We actively support the following versions of Espresso.js with security updates:
| Version | Supported | End of Life |
|---|---|---|
| 4.x | ✅ Yes | TBD |
| 3.3.x | 2025-06-01 | |
| < 3.3 | ❌ No | Ended |
We take security vulnerabilities seriously. If you discover a security issue, please follow these steps:
DO NOT open a public GitHub issue for security vulnerabilities.
Instead, please report security issues privately:
- Email: security@vimedev.com
- Subject:
[SECURITY] Espresso.js - Brief Description - Include:
- Description of the vulnerability
- Steps to reproduce
- Potential impact
- Suggested fix (if any)
- Your contact information
Subject: [SECURITY] Espresso.js - [Brief Description]
**Vulnerability Type**: [e.g., XSS, SQL Injection, etc.]
**Affected Versions**: [e.g., 4.0.0, 3.3.6]
**Description**:
[Detailed description of the vulnerability]
**Steps to Reproduce**:
1. [Step 1]
2. [Step 2]
3. [Step 3]
**Impact**:
[What can an attacker do with this vulnerability?]
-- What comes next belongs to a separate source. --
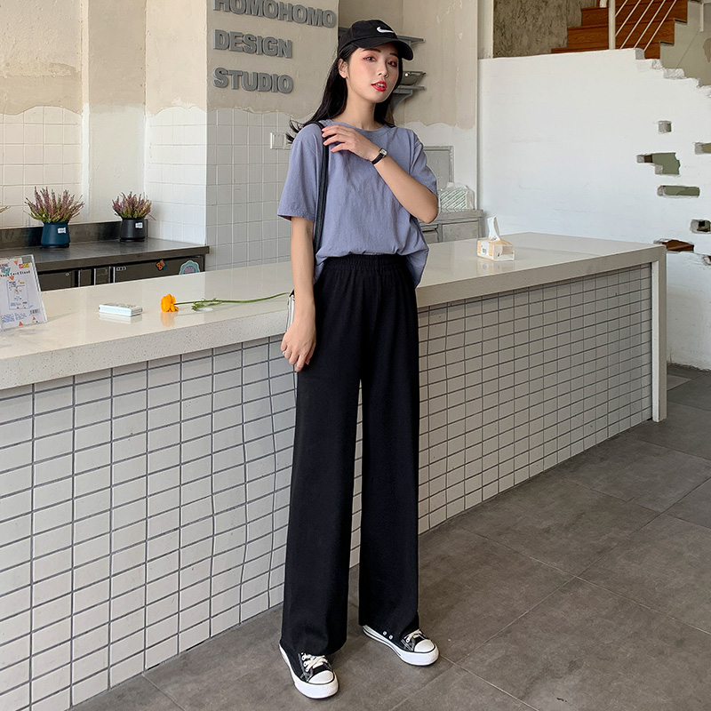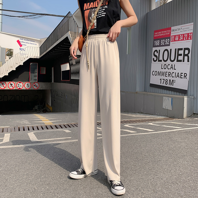 Grey Broadlegged Pants Woman Summer Thin with high waist pituality loose small sub casual loose straight drum Ice Silk Tug Pants

**Suggested Fix** (optional):
[Your recommendation]
**Reporter**: [Your name/handle]
**Contact**: [Your email]
- Initial Response: Within 48 hours
- Vulnerability Assessment: Within 5 business days
- Fix Development: Depends on severity (see below)
- Public Disclosure: After fix is released (coordinated with reporter)
| Severity | Response Time | Examples |
|---|---|---|
| Critical | 24-48 hours | Remote code execution, authentication bypass |
| High | 3-5 days | SQL injection, XSS, privilege escalation |
| Medium | 1-2 weeks | CSRF, information disclosure |
| Low | 2-4 weeks | Minor information leaks, DoS |
- Acknowledgment: We confirm receipt of your report
- Investigation: We verify and assess the vulnerability
- Fix Development: We develop and test a patch
- Coordinated Disclosure: We work with you on disclosure timing
- Release: We release a security patch
- Advisory: We publish a security advisory
- Credit: We credit you in the advisory (if desired)
Security advisories are published on:
- GitHub Security Advisories: https://github.com/misterzik/Espresso.js/security/advisories
- npm Advisory Database
- CHANGELOG.md with
[SECURITY]tag
Currently, we do not have a formal bug bounty program. However:
- We acknowledge security researchers in our CHANGELOG
- We provide credit in security advisories
- We may offer rewards for critical vulnerabilities on a case-by-case basis
For developers using Espresso.js, please refer to:
- ✅ Regular dependency updates
- ✅ Automated security scanning (npm audit)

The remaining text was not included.